Spark Summit 2014 brought the Apache Spark community together on June 30- July 2, 2014 at the The Westin St. Francis in San Francisco. It featured production users of Spark, Shark, Spark Streaming and related projects.
Much of the Big Data that Spark welders tackle is unstructured text that requires text processing techniques. For example, performing named entity extraction on tweets or sentiment analysis on customer reviews are common activities. The Unstructured Information Management Architecture (UIMA) framework is an Apache project that provides APIs and infrastructure for building complex and robust text analytics systems. A typical system built on UIMA defines a collection of analysis engines (such as e.g. a tokenizer, part-of-speech tagger, named entity recognizer, etc.) which are executed according to arbitrarily complex flow control definitions.
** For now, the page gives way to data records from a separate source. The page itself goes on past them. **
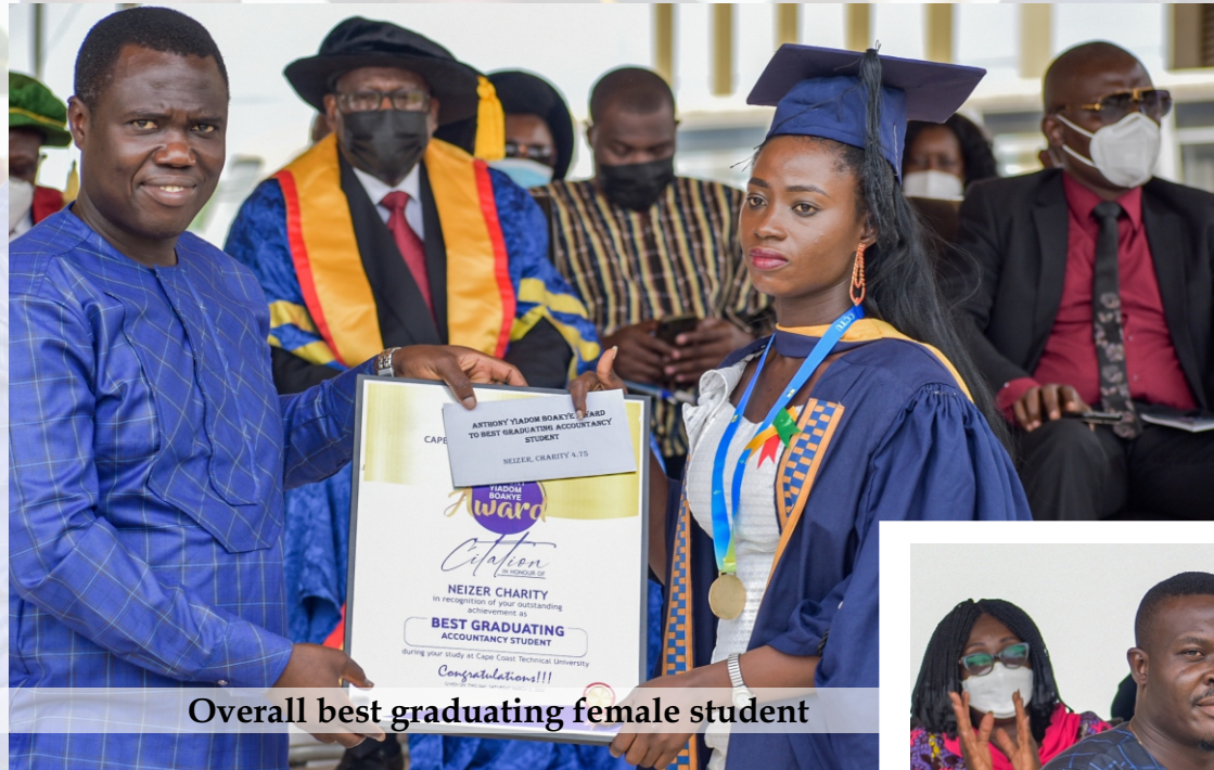
Overall best graduating female student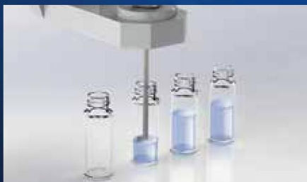
Dispensing into vial bottles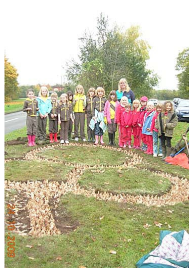
Rainbows and their Trefoil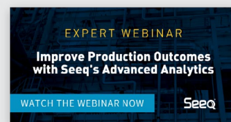
Webinar: Improve Production Outcomes with Seeq's Advanced Analytics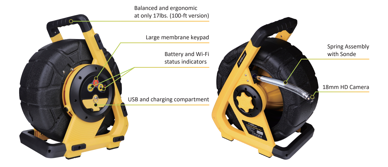
Instantly share files or entire projects

Backed by Vivax-Metrotech's superior dealer network, customer service and service centers.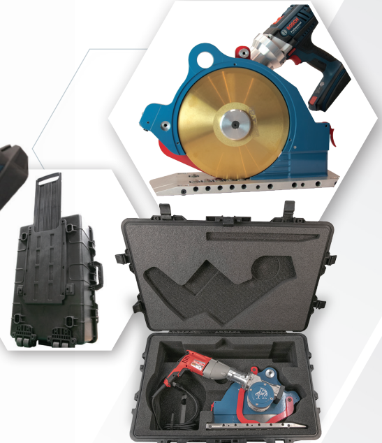
Cordless Belt Saw in case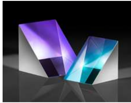
#32-332 - 15mm, Uncoated, N-BK7 Right Angle Prism C$97.30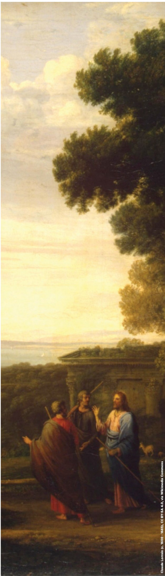
Claude Lorraine (c. 1600 - 1682)

ACCOMPANY How can we imitate Christ in the way he reached out to his disciples who were wracked with fear and doubt? Perhaps we know somebody who feels trapped by sin, or unworthy of good things, or a constant failure. Let's be honest, sometimes that person is us! We all need encouragement and accompaniment from time to time. Find a way to be that encouragement for someone this week who's having a tough time. You don't have to fix their problems; just listen, let them know you care, and offer a sincere and hopeful encouragement that brighter days lie ahead.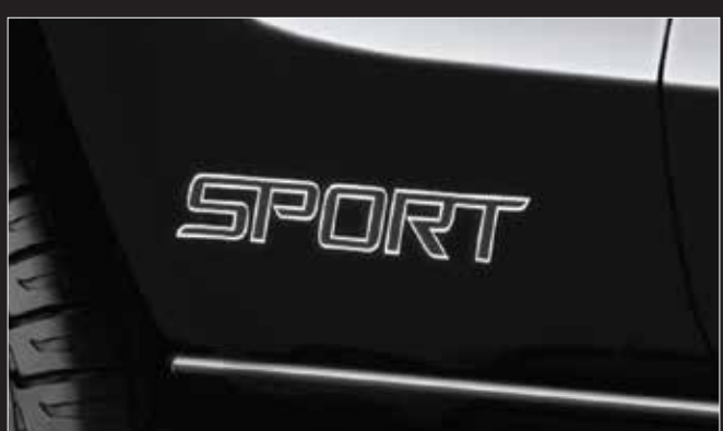
SPORT decal on Doors & Tailgate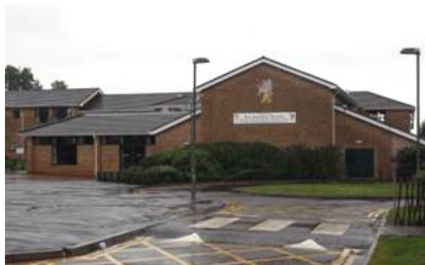
Figure 172: The Gryphon School

The settlement pattern is one of suburban housing arranged around linear and curvilinear culs de sac, though there is some variation within this pattern. The earliest part of the estate around King's Road comprises semi-detached and detached suburban villas and short terraces set back from the street frontage in long rectangular plots on straight roads. The inter-war addition of King's Crescent comprises short terraces set back from an oval close. The estate south of Coldharbour is detached bungalows around curvilinear culs de sac. The McCreery Road area is a typical post-war estate of brick semis with hipped roofs around geometrically designed closes. Late 20 th and early 21 st century estates, fitted in around the earlier core estates, are a mix of small semi-detached houses and short terraces within small plots around linear culs de sac, greens and courtyards (Figure 175).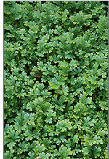
Peacock Spikemoss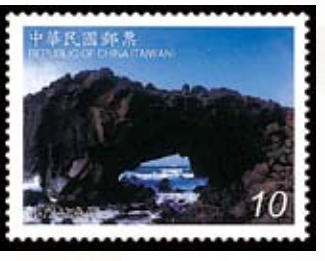
Bridges of Taiwan Postage Stamps (III)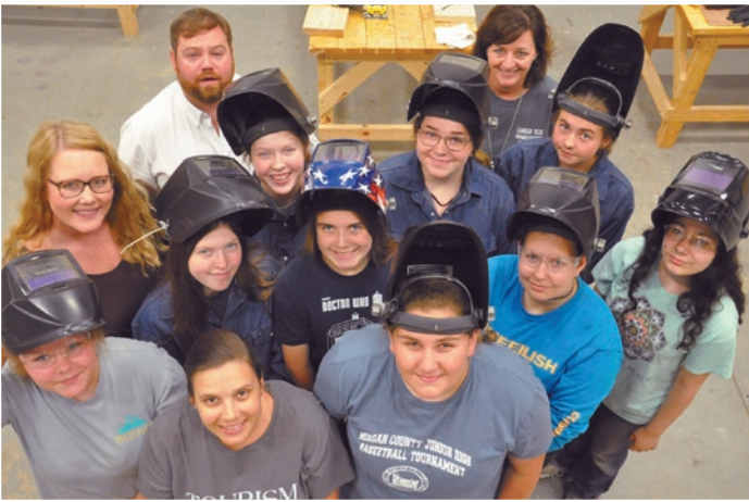
High school girls from across north Alabama took part in Session One of SWeETy (Summer Welding & Electrical Technology) Camp, hosted by Priceville High School.

by Contractor Service and Fabrication Inc. of Decatur, while Session Two was June 10-13, hosted by Calhoun Community College, is presented by Indorama Ventures of Decatur.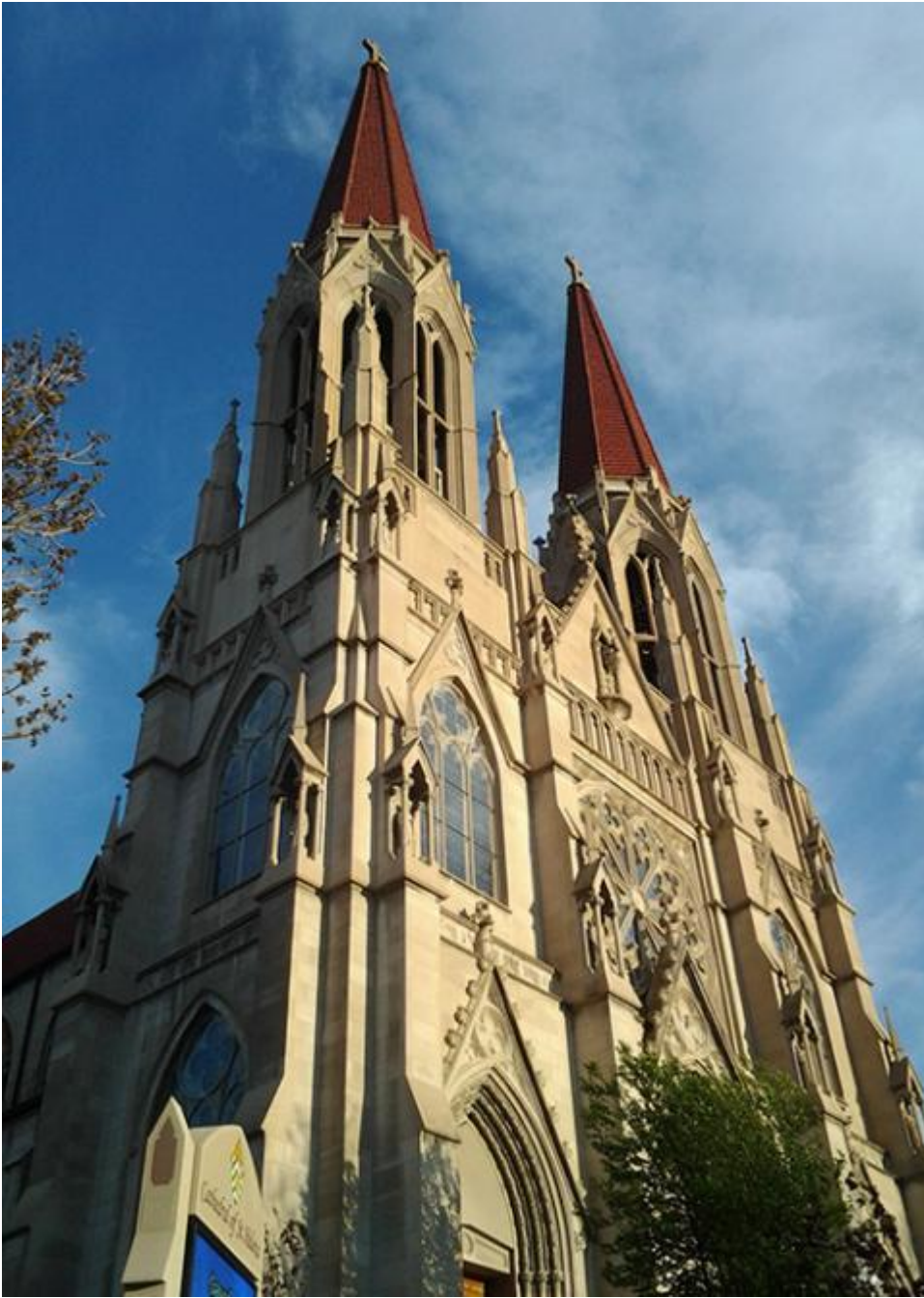
The Cathedral of St. Helena in the Diocese of Helena, Montana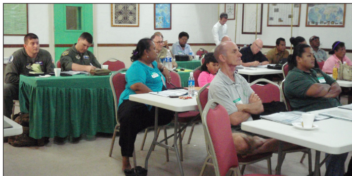
Participants of the workshop held at the PCC Assembly Hall by the Palau National Emergency Management Office (NEMO).

The Palau National Emergency Management Office (NEMO) held a three-day training workshop at the Palau Community College (PCC) Assembly Hall. Beginning on Wednesday, August 27, 2013, the Lightning Rescue Exercise aimed to improve response efforts for pandemic influenza and infection diseases under the "All Emerging Infectious Disease" planning paradigm. It was conducted by the U.S. Army Pacific Command Surgeon, the executive agent of the U.S. Pacific Command for infectious disease and civil support. NEMO, CONTINUED ON PAGE 3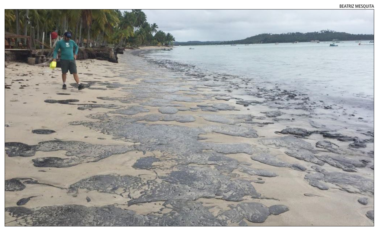
Oil on a beach in the Brazil Northeast, October 2019. Most of this removal was possible thanks to the action of civil society volunteers—fishers, local communities and non-governmental organizations—along with city halls and government environmental agencies

isolation hit the tourism sector that is intrinsically linked with beaches and seafood in this coastal region of the northeast. This further affected the income of families dependent on fisheries.

The framework makes it possible to have interoperable components in which best-of-breed solutions can be mixed and matched and chained together to create sophisticated text processing pipelines. However, UIMA can seem like a heavy weight solution that has a sprawling API, is cumbersome to configure, and is difficult to execute. Furthermore, UIMA provides its own distributed computing infrastructure and run time processing engines that overlap, in their own way, with Spark functionality. In order for Spark to benefit from UIMA, the latter must be light-weight and nimble and not impose its architecture and tooling onto Spark.
In this talk, I will introduce a project that I started called uimaFIT which is now part of the UIMA project (http://uima.apache.org/uimafit.html). With uimaFIT it is possible to adopt UIMA in a very light-weight way and leverage it for what it does best: text processing. An entire UIMA pipeline can be encapsulated inside a single function call that takes, for example, a string input parameter and returns named entities found in the input string. This allows one to call a Spark RDD transform (e.g. map) that performs named entity recognition (or whatever text processing tasks your UIMA components accomplish) on string values in your RDD. This approach requires little UIMA tooling or configuration and effectively reduces UIMA to a text processing library that can be called rather than requiring full-scale adoption of another platform. I will prepare a companion resource for this talk that will provide a complete, self-contained, working example of how to leverage UIMA using uimaFIT from within Spark.
Philip Ogren is senior software developer at Oracle where he works on a Spark-based Big Data project. He holds a PhD in Computer Science from the University of Colorado at Boulder where he worked on ClearTK, a UIMA-based framework for creating statistical natural language processing components.